__Source data__.
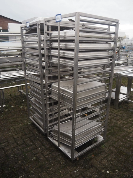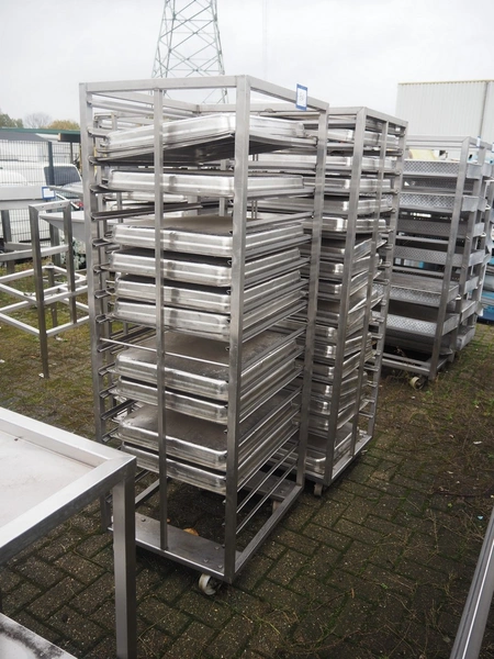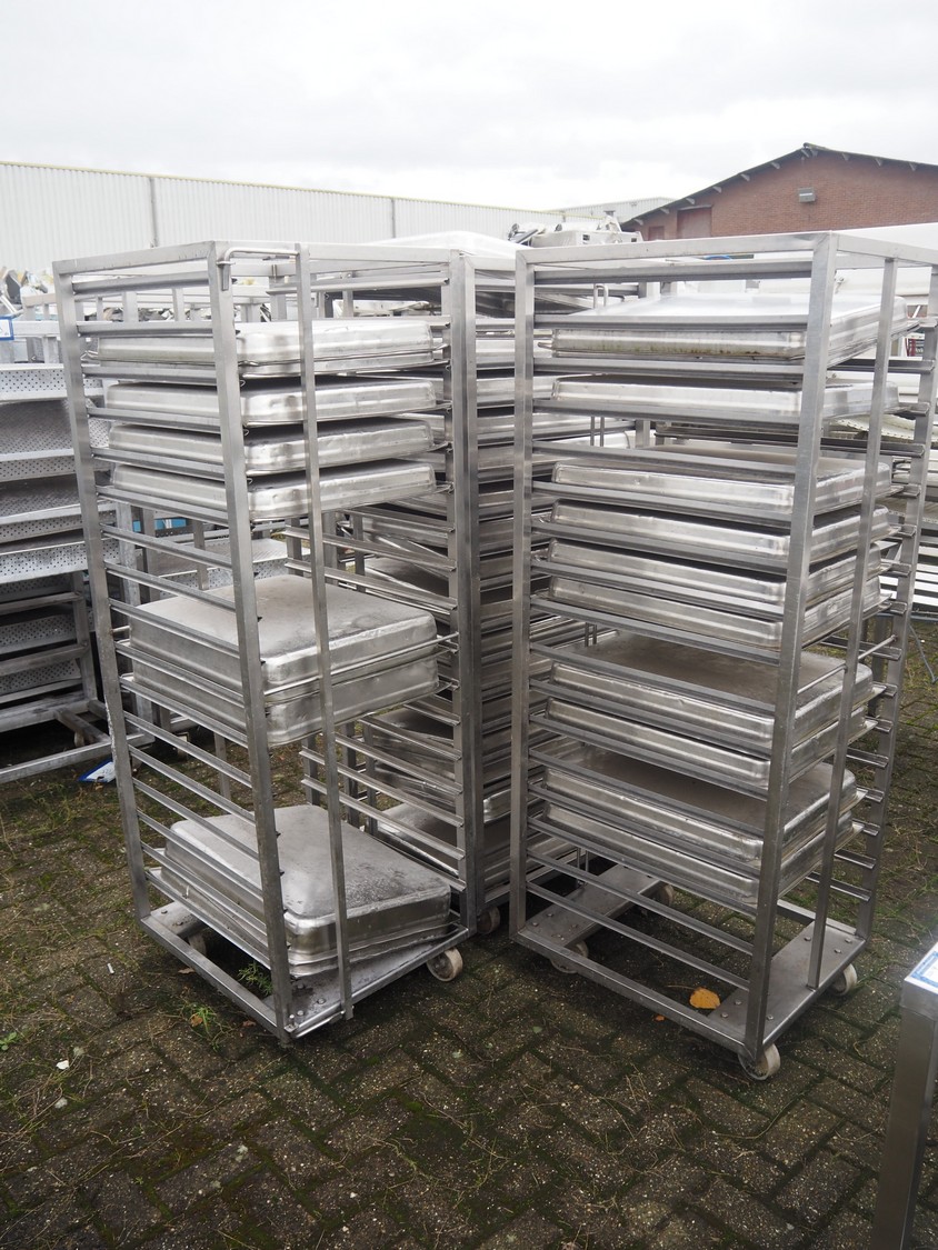 3 s/s trolleys with 28 s/s bins, dimensions bins: (28x) 520 mm x 640 mm x 65 mm, dimensions trolleys: (3x) 600 mm x 720 mm x 1780 mm.
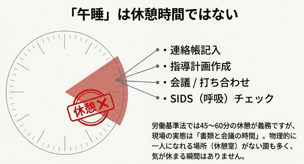 多くの保育園では、子どもの午睡(お昼寝)の時間が保育士の「休憩時間」として位置づけられています。しかし実態は、この時間に書類仕事・打ち合わせ・連絡帳の記入などの業務を行っており、完全な休憩にはなっていません。
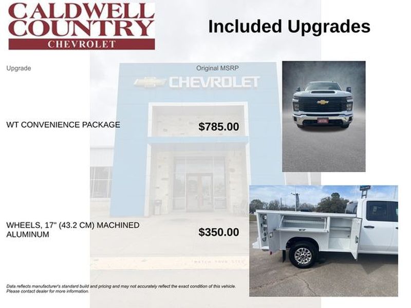 Summit White 2026 Chevrolet Silverado 2500HD Work Truck 4WD 10-Speed Automatic 6.6L V8 10-Speed Automatic, 4WD, Black Cloth. Price includes the following incentives, see dealer for details. : $500 - Chevrolet Bonus Cash. Exp. 03/31/2026 $500 - Chevrolet Consumer Cash Program. Exp. 03/31/2026 Price includes $13,656 in dealer added accessories.
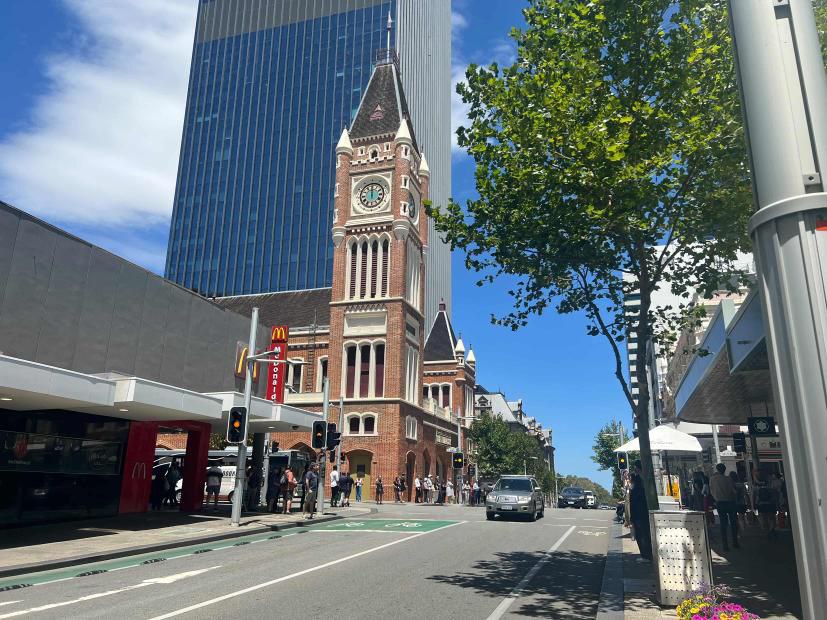 Tak jauh dari dermaga, berdiri megah The Bell Tower, salah satu landmark paling terkenal di Perth. Menara ini tidak hanya menjadi daya tarik visual, tetapi juga menyimpan lonceng-lonceng bersejarah dari Inggris yang telah berusia ratusan tahun. Kehadiran The Bell Tower semakin memperkaya nilai budaya dan historis kawasan Barrack Street.

__The problem__.
Would you set down every line of the data above exactly, skipping the pictures?

__Output of the exercise__.
 3 s/s trolleys with 28 s/s bins, dimensions bins: (28x) 520 mm x 640 mm x 65 mm, dimensions trolleys: (3x) 600 mm x 720 mm x 1780 mm.
 多くの保育園では、子どもの午睡(お昼寝)の時間が保育士の「休憩時間」として位置づけられています。しかし実態は、この時間に書類仕事・打ち合わせ・連絡帳の記入などの業務を行っており、完全な休憩にはなっていません。
 Summit White 2026 Chevrolet Silverado 2500HD Work Truck 4WD 10-Speed Automatic 6.6L V8 10-Speed Automatic, 4WD, Black Cloth. Price includes the following incentives, see dealer for details. : $500 - Chevrolet Bonus Cash. Exp. 03/31/2026 $500 - Chevrolet Consumer Cash Program. Exp. 03/31/2026 Price includes $13,656 in dealer added accessories.
 Tak jauh dari dermaga, berdiri megah The Bell Tower, salah satu landmark paling terkenal di Perth. Menara ini tidak hanya menjadi daya tarik visual, tetapi juga menyimpan lonceng-lonceng bersejarah dari Inggris yang telah berusia ratusan tahun. Kehadiran The Bell Tower semakin memperkaya nilai budaya dan historis kawasan Barrack Street.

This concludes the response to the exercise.